La nuit du premier au 2 novembre 1975, Pier Paolo Pasolini mourrait assassiné à Ostie, près de Rome. C’est une mort qui demeure énigmatique, dont les circonstances ont été cachées pendant trente ans, et sur laquelle une enquête a été rouverte en 2009. Pasolini a laissé derrière lui une production immense et très diversifiée, allant de la prose à la poésie, du théâtre au cinéma, de la critique littéraire à la réflexion politique. Lors de sa mort, l’écrivain était en pleine activité et s’occupait de plusieurs projets littéraires et cinématographiques qui se trouvaient à des états d’avancement divers. Parmi ces œuvres inachevées demeure un brouillon de plus de cinq cents feuilles. Il s’agit de Pétrole, un roman fragmentaire, tapé en grande partie à la machine, rempli de notes, d’ajouts, de corrections, de plans et de projets provisoires1Deux ouvrages ont été publiés tout récemment en France sur Pétrole: BURESI-COLLARD, Marie-Françoise, Pasolini, le corps in-carne: à propos de «Pétrole», Paris, L’Harmattan, «Ouverture philosophique», 2011; NIGDÉLIAN-FABRE, Valérie, Pétrole de Pasolini. Le poème du retour, Lyon, Éditions de l’ENS, «Signes», 2011. Presque un an avant sa mort, en s’amusant à piquer la curiosité des journalistes, Pasolini avait ainsi présenté son texte:

Ce que je fais depuis ma naissance n’est rien par rapport à l’œuvre que je suis en train de mener à bien: un gros Roman de 2000 pages. Je suis arrivé à la page 600 et je ne vous en dirai pas plus pour ne pas me compromettre (Pasolini, cité par Roncaglia, 2006: 600).
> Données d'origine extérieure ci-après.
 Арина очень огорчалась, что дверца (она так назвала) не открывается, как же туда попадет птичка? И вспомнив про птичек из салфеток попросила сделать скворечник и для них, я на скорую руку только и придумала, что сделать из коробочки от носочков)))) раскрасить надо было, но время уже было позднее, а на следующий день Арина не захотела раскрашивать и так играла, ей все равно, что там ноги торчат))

Et quelques semaines après:

J’ai commencé un livre qui m’occupera pendant des années, peut-être pour le restant de mes jours. Je ne veux pas en parler…; qu’il suffise de savoir que c’est une espèce de «summa» de toutes mes expériences, de tous mes souvenirs (Pasolini, cité par Roncaglia, 2006: 599).
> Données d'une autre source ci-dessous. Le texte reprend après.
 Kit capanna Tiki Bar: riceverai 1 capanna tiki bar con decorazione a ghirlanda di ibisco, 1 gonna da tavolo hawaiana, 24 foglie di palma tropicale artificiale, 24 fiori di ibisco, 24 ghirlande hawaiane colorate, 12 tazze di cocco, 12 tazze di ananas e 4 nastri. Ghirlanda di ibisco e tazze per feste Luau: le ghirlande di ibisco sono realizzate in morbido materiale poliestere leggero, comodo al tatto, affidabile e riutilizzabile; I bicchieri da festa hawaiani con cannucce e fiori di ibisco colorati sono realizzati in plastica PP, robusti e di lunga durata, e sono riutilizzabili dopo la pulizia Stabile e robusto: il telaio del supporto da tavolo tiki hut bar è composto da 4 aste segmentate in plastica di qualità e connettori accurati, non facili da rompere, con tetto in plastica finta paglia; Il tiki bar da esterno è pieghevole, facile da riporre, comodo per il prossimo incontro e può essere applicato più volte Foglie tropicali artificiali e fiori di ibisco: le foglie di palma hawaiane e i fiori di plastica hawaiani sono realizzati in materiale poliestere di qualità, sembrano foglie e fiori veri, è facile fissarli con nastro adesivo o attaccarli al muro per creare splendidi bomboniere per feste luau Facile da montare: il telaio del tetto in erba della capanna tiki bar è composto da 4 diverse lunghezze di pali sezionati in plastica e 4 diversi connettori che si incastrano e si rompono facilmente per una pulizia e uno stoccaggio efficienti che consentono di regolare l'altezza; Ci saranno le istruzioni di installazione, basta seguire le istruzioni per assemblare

Pendant dix-sept ans le dernier roman de Pasolini est resté inédit. Le 30 octobre 1992, les cinq cents pages du brouillon ont connu leur première édition, que René de Ceccatty traduit en français en 1995. Une polémique a immédiatement éclaté portant sur la légitimité d’une telle publication: pourquoi éditer une œuvre qui n’est qu’un brouillon? Pasolini aurait–il autorisé la diffusion d’un texte immergé dans un si profond inachèvement? Ce roman est-il indispensable pour approfondir la connaissance de son auteur? Certains journaux titrent : «Povero Pasolini tradito in libreria» (Pauvre Pasolini trahi en librairie), «Bruciare Petrolio?» (Brûler Pétrole?), «Magma irritante» (Magma insupportable), «Petrolio: così Pasolini fallì, poi non gli restò che morire» (Pétrole: c’est ainsi que Pasolini a échoué, il ne lui restait plus que mourir). Même le superviseur de l’édition, Aurelio Roncaglia, prend ses distances avec le texte. Le manque d’élaboration formelle accentuerait en effet, selon le philologue, l’«agressivité des provocations sur le terrain scabreux de l’eros et les insinuations politiques» présentes dans Pétrole. L’inachèvement aiguiserait la brutalité du roman et donnerait «une image imparfaite» de son auteur (Roncaglia, 2006: 607).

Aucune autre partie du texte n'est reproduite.